NEVİZADE ATÂÎ HAYATI, EDEBİ KİŞİLİĞİ VE ESERLERİ
SANATÇILAR > SANATÇILAR
NEVİZADE ATÂÎ (17. YÜZYIL)
*Divan edebiyatı şairi, tarihçi, âlim, müderris, kadı.
*17. yüzyılın en önemli mesnevi şairlerinden biri, tarihçi ve Hanefi mezhebi fıkıh âlimidir.
*Adı Ataullah olup, Nev'i diye meşhur Yahya bin Pir Ali bin Nasuh'un oğludur.
*Babası Nev'i de bir şairdir.
*1582’de dünyaya gelen şair, iyi bir eğitim görmüş, medreselerde hocalığın yanında değişik yerlerde kadılık da yapmıştır.
*Atâî, kısa süreler dışında ömrünü İstanbul’dan uzakta, Balkanlardaki çeşitli kadılıklarda geçirmiştir.
*1634 senesinde kadılıktan alınınca İstanbul'a döndü.
*1635 senesinde İstanbul'da vefat etti. Şeyh Vefa Tekkesi bahçesinde, babasının yanına defnedildi.
*Kaynaklardan anlaşıldığına göre güzel konuşan, nükteli ve alaycı bir insandır.
*Gazel ve kasidede başarılı olmakla birlikte asıl başarısını ve gücünü mesnevilerinde göstermiştir.
*Mesnevilerinde çok kullanılmış konular yerine yeni konuları ele almıştır.
*Mahalli hayata dair sahneler, halkın yaşayışı, töreleri, İstanbul’un değişik manzaraları bu mesnevilerde yer alır.
*Dili oldukça ağır ve külfetli olan şairin gazellerinde Fuzûlî, Nev’î ve Bâkî’nin etkileri görülür.
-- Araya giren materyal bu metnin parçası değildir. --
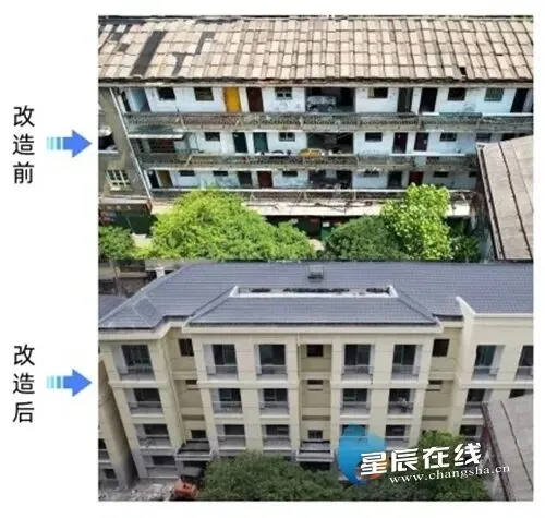 (天心区里仁坡2、3、4号栋危房改造项目改造前后对比。市城市人居环境局供图)

*Yer yer mahallî hayatı, halkın yaşayış ve törelerini dile getirmiş, özellikle İstanbul’un değişik manzaralarını ve güzelliklerini ortaya koymaya çalışmıştır.
*Hikâyeler içinde bazı gerçek olaylara da yer vermiştir.
*Böylece mesnevilerine yerli unsurlar katarak İran mesnevi geleneğinden kurtulmayı denemiştir.
*Atâî değişik konularda manzum ve mensur pek çok eser vermiştir.
*Atâî’nin, devrinde yaşayan bazı kişiler hakkında yazılmış 100 beyit kadar tutan “Hezliyyât”ı, yarım kalmış bir “Siyer-i Veysî Zeyli”, sekiz mektuptan oluşan bir de “Münşeât”ı da vardır.
NEVİZADE ATÂÎ’NİN ESERLERİ:
Divan, Hamse (Âlemnümâ/Sâkinâme, Nefhatü’l-Ezhâr, Sohbetü’l-Ebkâr, Hefthân, Hilyetü’l-Efkâr)
El-Kavl-ül-Hasen fi Cevab-il Kavl li-Men, Hadaik-ül-Hakayık fi Tekmilet-iş Şakayık, Hezliyyât, Siyer-i Veysî Zeyli, Münşeât
Divan:
*Eserde, mensur bir dîbâceden sonra bir mi‘râciye, otuz bir kaside, 303 gazel, iki mersiye, dört muhammes, dört müseddes, bir muaşşer, elli kıta, on üç rubâî, yirmi sekiz tarih ve yetmiş beyit bulunduğu görülür.
Hamse:
*Şair bu eserlerinde çok kullanılmış konular yerine yeni konuları ele almıştır.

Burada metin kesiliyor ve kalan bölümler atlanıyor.